Sunday, July 6, 2014
OK, so it's a little wet ...
The galerias romanas (Roman galleries) in Lisbon, Portugal are one of the harder architectural marvels to get into. A crack in one of the galerias means that the underground ruins are accumulating groundwater, and most of the year, they are flooded. Every year, the ruins are painstakingly drained (the process takes a full month) and visitors are allowed to enter for about 3 days. The rest of the year, the water is allowed to stay, at about 3m depth (10').

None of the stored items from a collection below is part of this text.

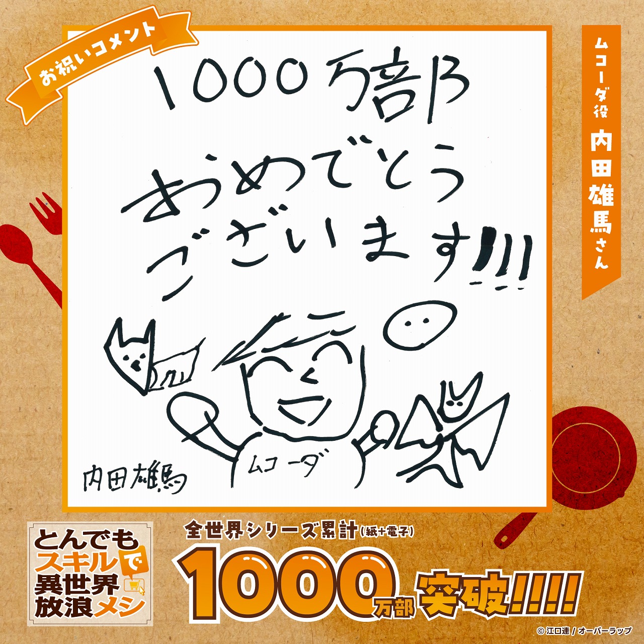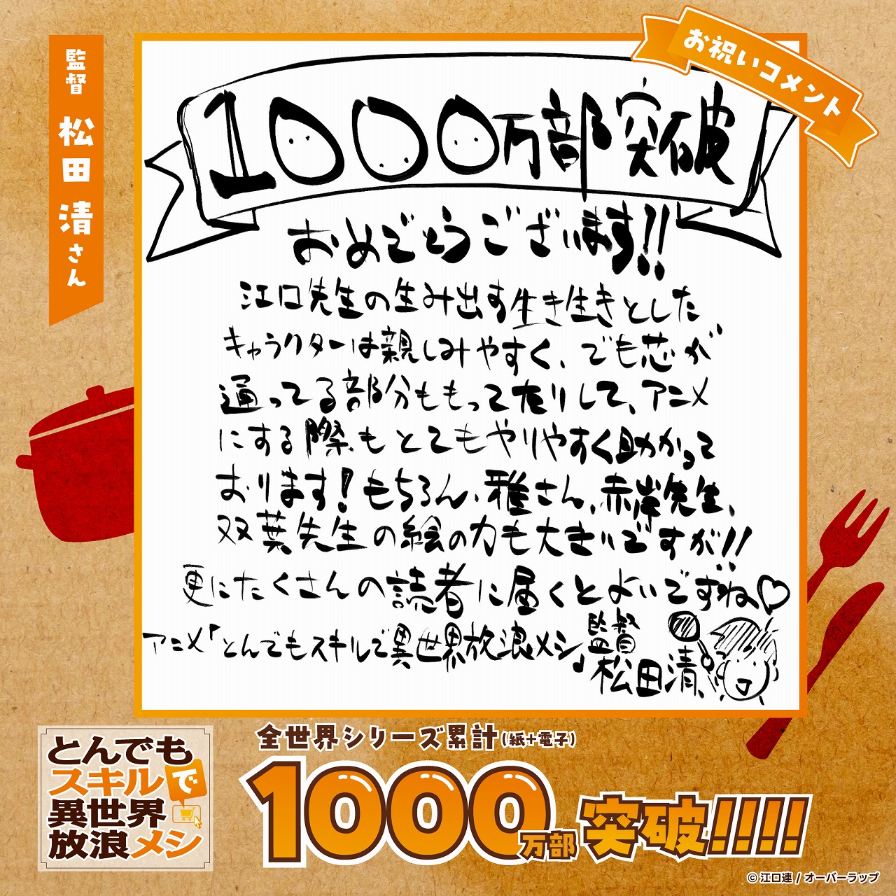 オーバーラップは、ライトノベルレーベル「オーバーラップノベルス」より刊行している『とんでもスキルで異世界放浪メシ』(著:江口 連、イラスト:雅)が、このたび全世界シリーズ累計1,000万部(紙+電子)を突破したと発表。
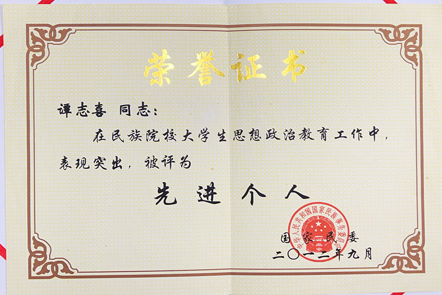 谭志喜扎根教育一线,用“爱心”工作法教育学生,先后获得校级“优秀共产党员”“优秀共青团干部”“优秀辅导员”、“优秀学生科长”“优秀教育管理工作者”等荣誉;2011年被省教育厅表彰为湖北省高校思想政治教育工作先进个人,2012年被国家民委表彰为全国民族高校大学生思想政治工作先进个人,被共青团湖北省委表彰为2015年“三下乡”活动先进工作者。谭志喜刻苦钻研业务,作为负责人,带领旅游管理专业应用型人才培养教学团队成功牵头申报为省级优秀教学团队。他指导的本科生毕业论文2篇被评为省级优秀论文,指导的学生团队获得1项省级实践竞赛一等奖。作为经济与管理学院分管教学的副院长,他为会计学专业国家级一流专业建设点、旅游管理专业成功申报省级一流专业建设点作出了重要贡献。
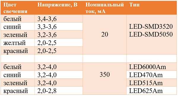 В то же время производители конкретных SMD светодиодов дают следующие напряжение питания светодиодов:
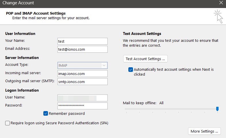Under “Outgoing mail server,” you can now enter the SMTP server of your choice, such as the IONOS SMTP server smtp.ionos.com.
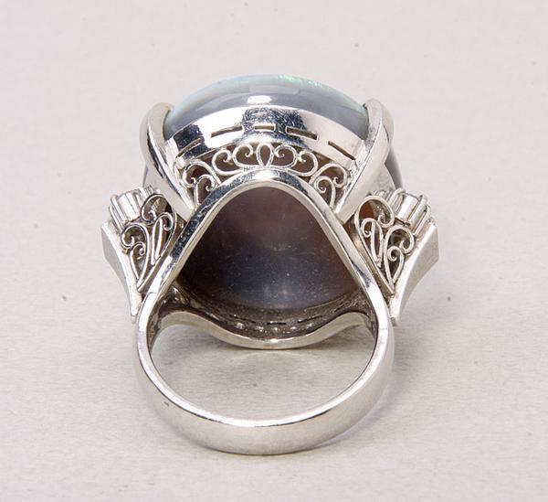 17ctという驚愕の大きさの光沢のある天然ブラックオパールリングです。
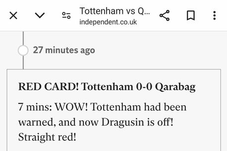 Este un fault clar și nu îi lasă nicio opțiune arbitrului Benoît Millot. E eliminat, iar Tottenham rămâne în 10 oameni!”, au scris cei de la independent.co.uk.
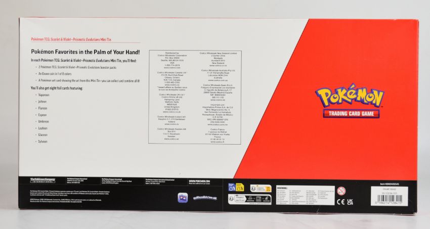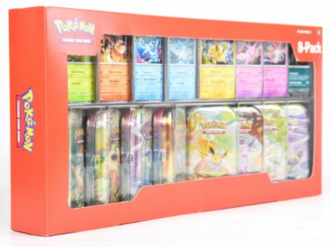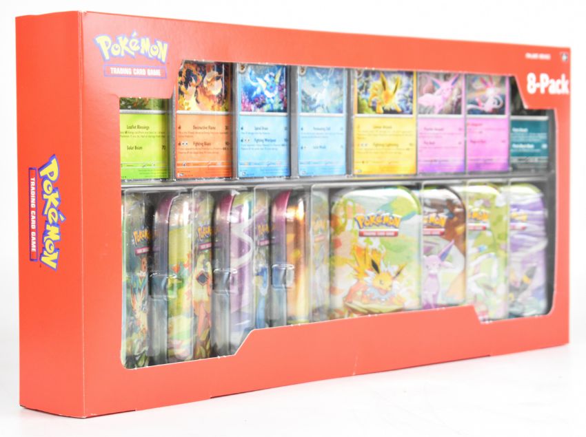 Pokémon TCG - Scarlet & Violet 'Prismatic Evolutions' mini tin 8-pack, each containing two boosters, Eevee coin and art card, together with eight foil promos, sealed.
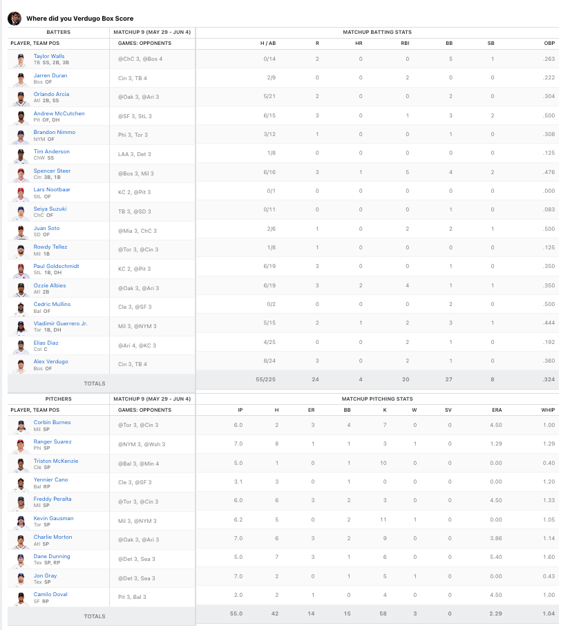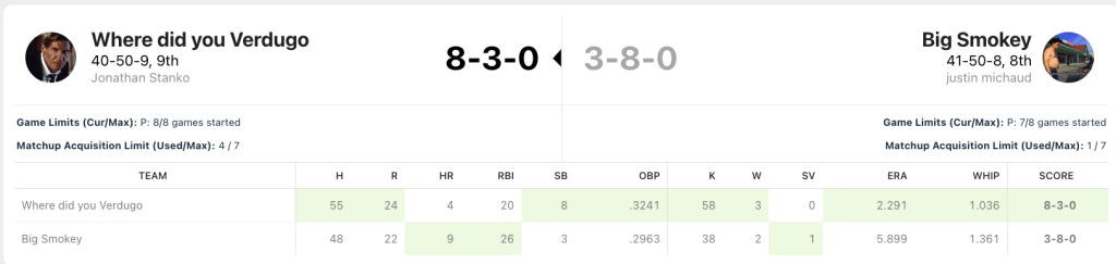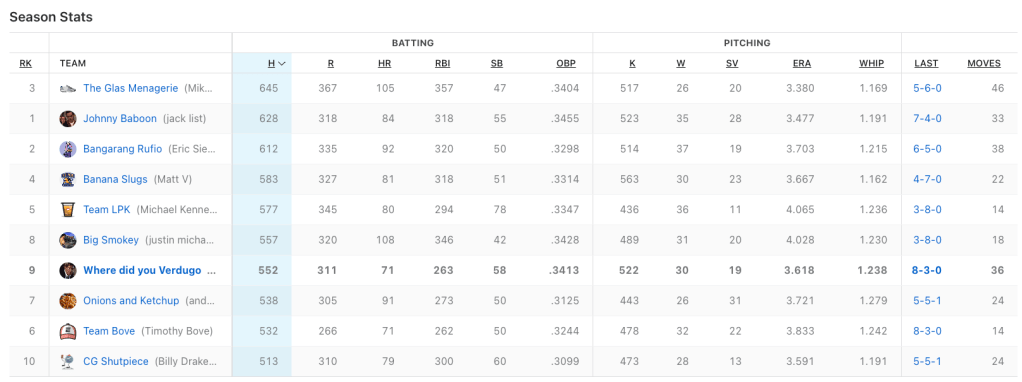 Alex Verdugo led my team with eight hits. Nice of him to get hot again. I also had six hits each from Andrew McCutchen (good week pick-up by me), Spencer Steer (another good pickup), and Paul Goldschmidt. 55 hits ranked middle of the pack, but it was good enough to take down Michaud. He had seven hots from Teoscar Hernandez, and six from Gleyber Torres. Nobody else had more than five.
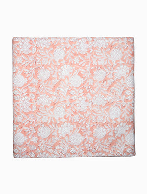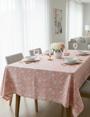 Enjoy your dining moments with the Chandini Tablecloth Peach 150cm x 320cm. Made from 100% cotton, this stunning peach tablecloth showcases a delicate hand block-printed pattern in peach and cream hues, offering a warm, welcoming touch to your table setting.
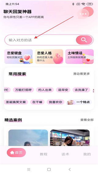 一款50萬(wàn)+的智能話(huà)術(shù)庫(kù)神器,一鍵搜索回復(fù)妹子說(shuō)的話(huà),你的聊天小助手,智能分辨聊天話(huà)術(shù),語(yǔ)義搜索答案,自動(dòng)回復(fù)說(shuō)不出口的甜言蜜語(yǔ),幫助男生解決尬聊問(wèn)題,情話(huà)綿綿,盡情吧
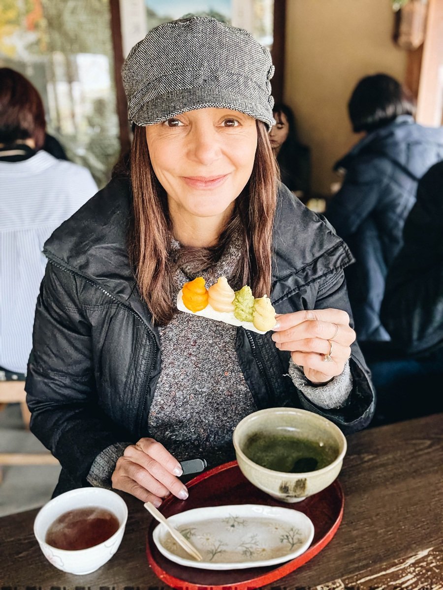 While there, we also stopped at Sankeien Saryo, a small teahouse by the Oike Pond, and it ended up being one of my favorite moments in the garden. We ordered skewers of chewy, hand-baked dango (a classic Japanese sweet made from rice flour) in seasonal flavors like pumpkin, chestnut, and sweet potato, along with matcha and roasted green tea.
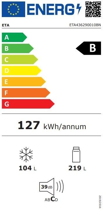 - Energetická účinnost – spotřeba pouhých 127 kWh/rok, třída B.
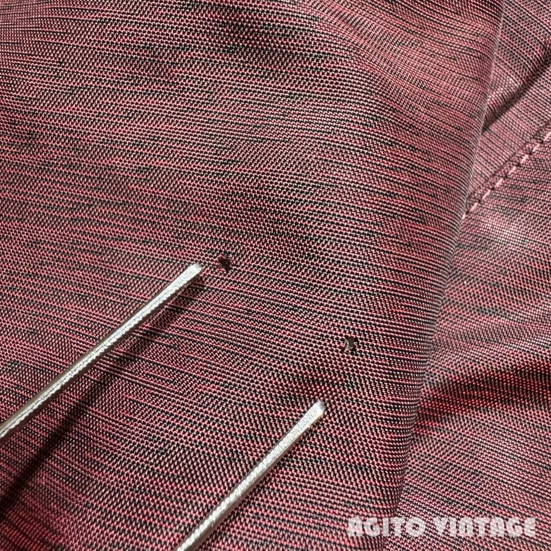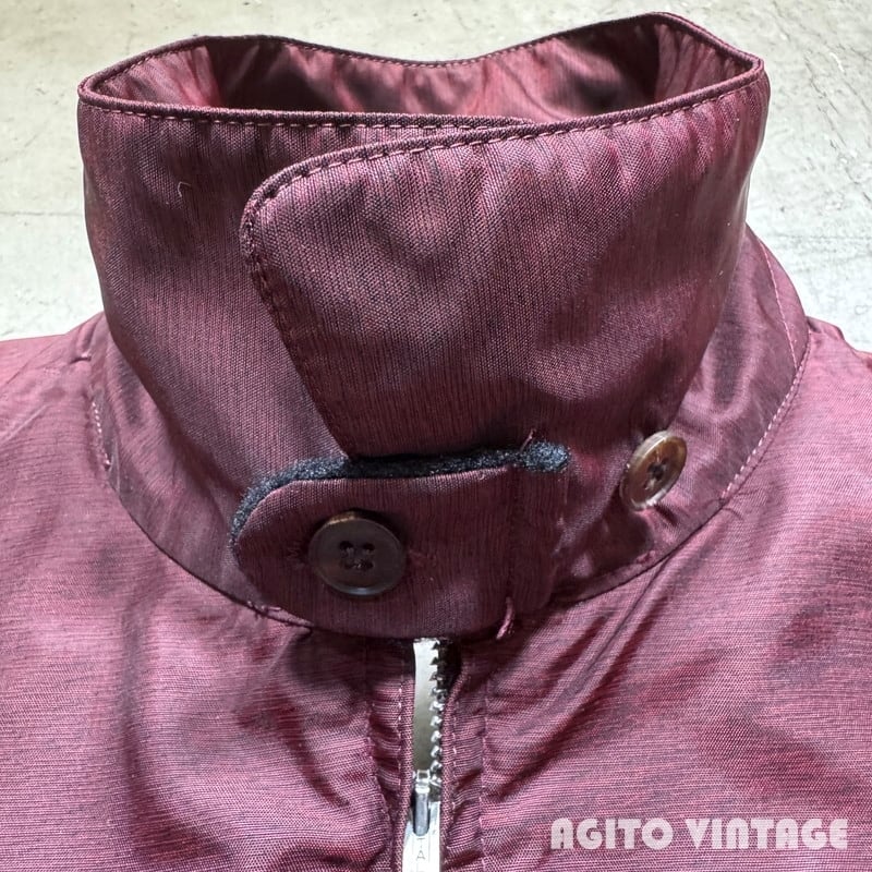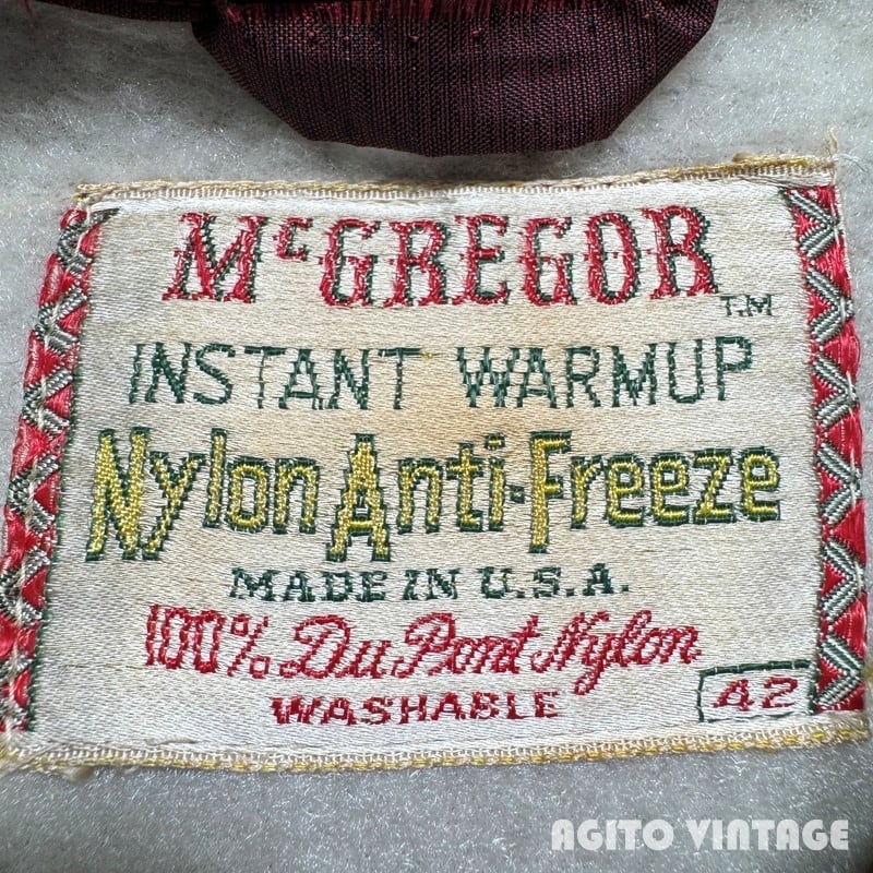 50年代頃のMcGREGOR Nylon Anti-Freezeです。1955年に製作された映画「理由なき反抗」で主演のジェームスディーンが着用していた事で知られるモデルです。一般的に知られるアンチフリーズは単色(赤やスレートブルーなど)のイメージが強いですが、ご紹介するこちらの個体は、エンジ×ブラックのミックスカラーでスウェットでいう杢のような色味が特徴的です。どこか絣柄のような印象も受けます。フロントはアルミのTALONジッパーが使用されています。襟には小さなチンストラップが付きますが、ボタンが欠損していましたので似たサイズの物を取り付けております。袖先や裾等に細かな擦れがあり、右袖には小さなピンホールが2箇所、僅かな擦れが見られます。両袖共にうっすらとですが、白っぽいシミがございます。裾の一部に小さな簡易的なハンドリペアがございます。その他は比較的コンディションの良い1着です。42表記でL相当のサイズ感です。当時のジェームスディーンのようにジャストサイズで合わせても非常にカッコ良いので、50年代頃のスタイルがお好きな方は是非この機会にいかがでしょうか。色味も珍しくオススメです。
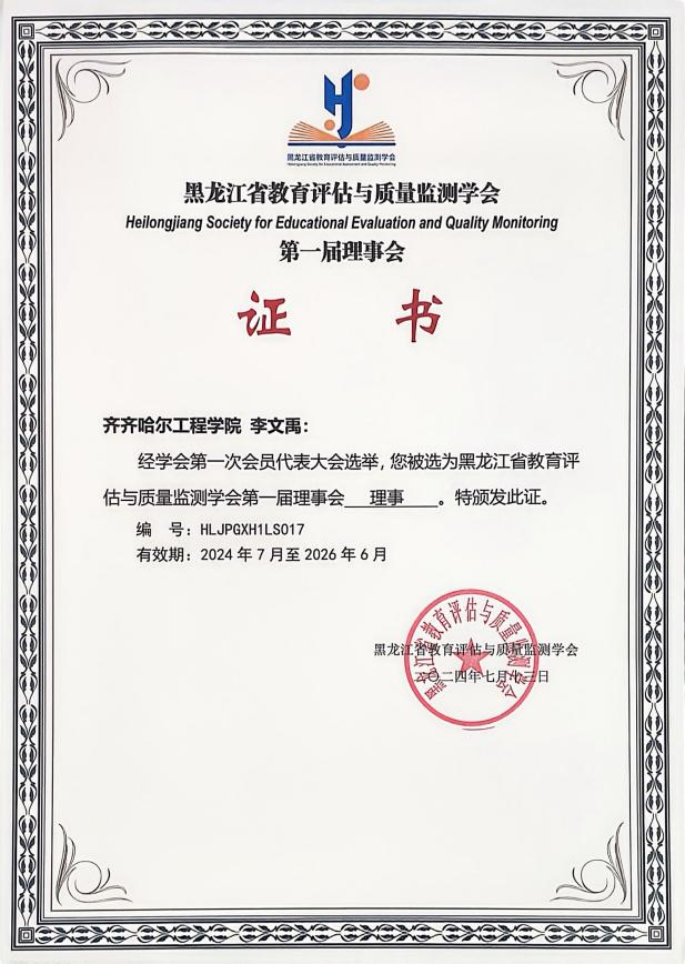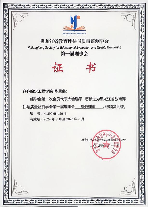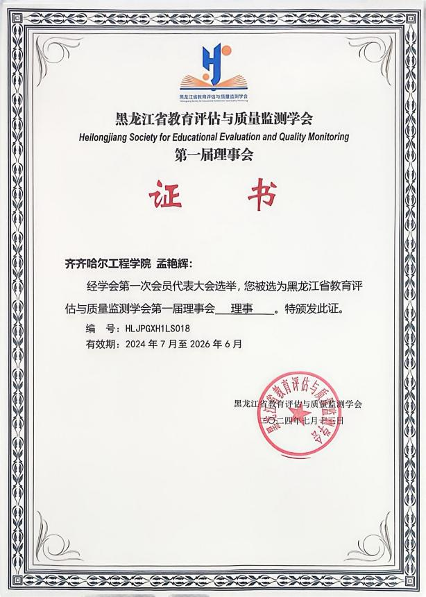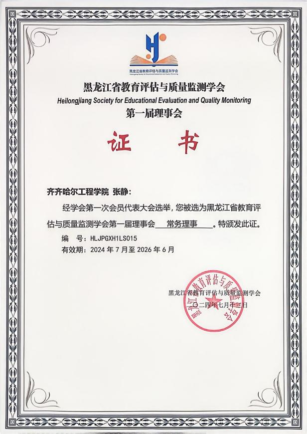 近日,黑龙江省教育评估与质量监测学会第一届理事会成员名单正式公布,开云官网党委副书记、副院长陈景鑫和副院长张静当选为常务理事,全面质量管理办公室主任孟艳辉、教务处处长李文禹当选为理事,聘期自2024年7月至2026年6月。
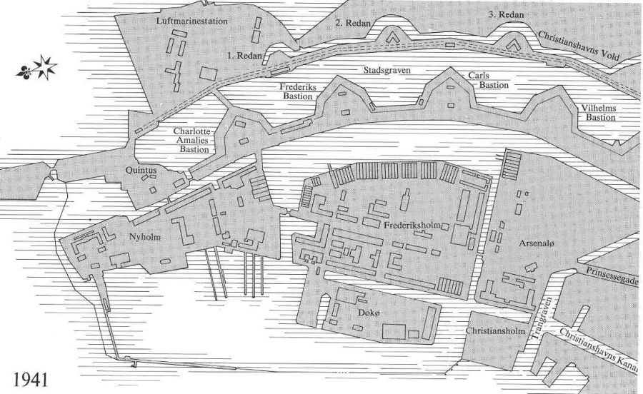 og Belgien. En ny Søofficerskole påførtes 1938-30 på Nyholm. Derved kunne uddannelsen af søofficerer, der havde forgået i en række bygninger, få fast opholdssted. 1939 opførtes et flyvemaskineværksted på det sydlige Frederiksholm. Her skulle luftfartøjer til hæren og flåden bygges. Virksomheden blev indstillet efter besættelsen og værkstedet anvendtes i stedet til eftersyn af motorer fra Torpedobåde. Desuden udvidedes luftmarinestationen på Margretheholm. I 1941-42 byggedes et elektronikværksted på Frederiksholm. Det anvendes nu som værksted for Arkitektskolen.
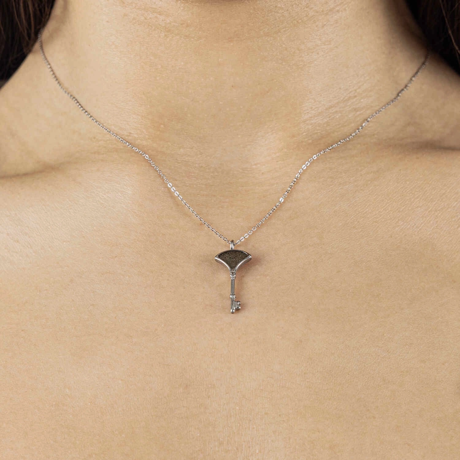 قلادة مفتاح العودة مملوء برمل من أرض فلسطين، مصنوعة من الستانلس ستيل
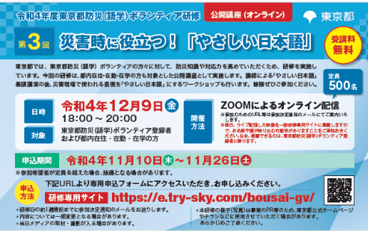 東京都主催の「災害時に役立つ!『やさしい日本語』」をオンラインで受講しました
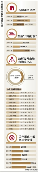 过去两年,北京市拆除违法建设约9000万平方米,整治开墙打洞3.3万余处,疏解提升市场和物流中心约450个,关停退出一般制造业企业近千家。
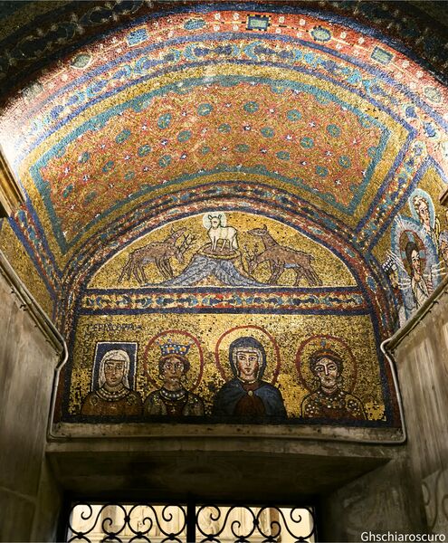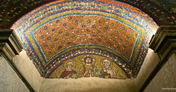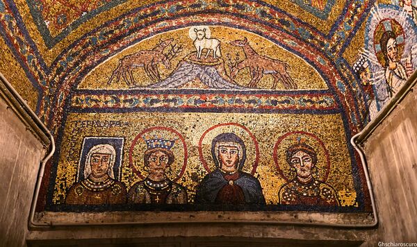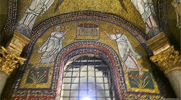 ▼左側壁龕聖人像上方半圓形牆面描繪天主羔羊站在山丘上,俯瞰從腳下流出的四條樂園之河(the Rivers of Paradise),象徵基督的勝利。壁龕上方拱圈內側也鋪滿了色彩鮮艷的馬賽克幾何圖形。
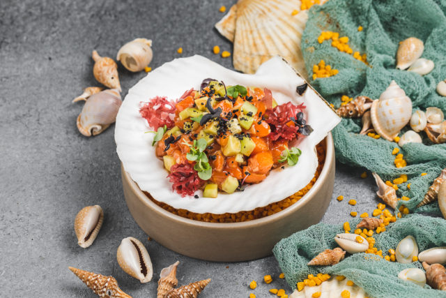 С наступлением жаркого сезона меню пополнилось новыми блюдами. Особое внимание обрати на холодные закуски. Выбрать сложно, все они вкусные, а еще очень «инстаграмные» — один тартар из лосося, украшенный съедобным золотом, чего стоит.

Which is a fun way to transition to talking about water in dungeons. Homeowners know all about the tendencies of underground spaces to accumulate water; we've invented sump pumps, French drains and all sorts of systems to reverse this tendency. But in dungeons it's a fascinating obstacle that I've thought about for a while now.
The first thing you have to decide about water is whether it is flowing or stagnant. If it is flowing underground, there must be some source: a river, spring or aquifer that is feeding the body, and a corresponding outlet. If there were no outlet, the body of water would continuously rise. (This is certainly a possibility: an extremely slow rising body of water, fed at a rate of well less than half an inch per year.)
Stagnant water has been deposited by some source and is not continuously refreshed. This is extremely dangerous to humans, since stagnant water is a breeding ground for disease and bacteria. Contact with a pool of such water should require some kind of appropriate disease checks; suitable rules exist in Blackmoor, the Dungeon Master's Guide and Lamentations of the Flame Princess. Drinking it is even more dangerous.
After that the next decision is depth. Water becomes a different type of obstacle depending on the depth. A foot deep permits more motion than two; three might be navigable for humans but is swimming territory for halflings. Deeper than that becomes a serious problem, if not totally impossible to cross. Water, of course, ruins most of the things adventurers carry; waterlogged boots can get mildew or mold, and generally become useless, while soaked torches or spellbooks are useless. Swords and armor will rust if not properly cared for. And swimming while in armor is basically impossible. Watch the video if you don't believe me – heck, even if you do believe me, it's a great experimental video.
Other factors can also be interesting: temperature, current, or brackishness. For instance, clear, cool water is very different from hot mineral spring water. In a dungeon near the sea, some water may be salty and undrinkable. And it could be very dangerous if the water has a strong current, pulling adventurers along with it as they try to navigate it. Varying any of these can create unique environments and pose certain challenges.
Now that we've put water into the dungeon, comes the payoff: all the water monsters in D&D are fair game. From sharks to sahuagin, from ixitxachitl to aboleths, and any kind of new monsters based on fish or whales or anything else you like, you've now got a reason to use these in dungeons. A long-standing version might have a blind cave version of the classic lake monster archetype, or vicious schools of piranha, or pretty much any cave swimmers you might imagine. It's a rich environment for monsters that aren't typical. And let's not forget about amphibians, arthropods and the like.
Of course where there are monsters, there is also treasure. This can be a bit tough to figure out. In chemically pure water, basically, copper, silver and gold should be relatively unaffected by corrosion. (In fact, copper coins in fresh water should tend to reduce the bacterial load.) The problem is that water is not pure and contains other minerals and compounds that will interact with metal. It could also complicate things if the coins are not pure metal. Seawater will corrode copper and silver coins, but leave gold fairly intact. Only acidity, introduced by the breakdown of wood or the general condition of sandy soil, would pose much of a danger to gold coins. The most dangerous thing would be an untreated wooden chest containing them.
Most gems will not be water soluble and should survive pretty well in tact. But iron is toast even if it gets minor exposure, as are most books or scrolls (leather parchment will be ruined and the ink will dissolve), and pretty much any wooden objects that aren't covered with tar, pitch or some other sealant. Magic items are the referee's call; it would be interesting to find a shining steel blade in a rotting leather scabbard and with a ruined handle, but the blade and tang in tact. Potions may or may not leak, which could have very interesting results – say, a wizard's laboratory where several potions have mixed together to form ... well, pretty much anything you want.
Water complicates everything very nicely. Spells will be interesting, from Sleep (does it turn into an effective Drown?) to Lightning Bolt and others. A Fireball might boil some of it. And of course there are many interesting spells and items that only work under water.
Given all these possibilities, it's a disappointment that there aren't more modules and books dealing with flooded environments. It's definitely something I keep intending to explore. I hope this inspires other referees to do the same.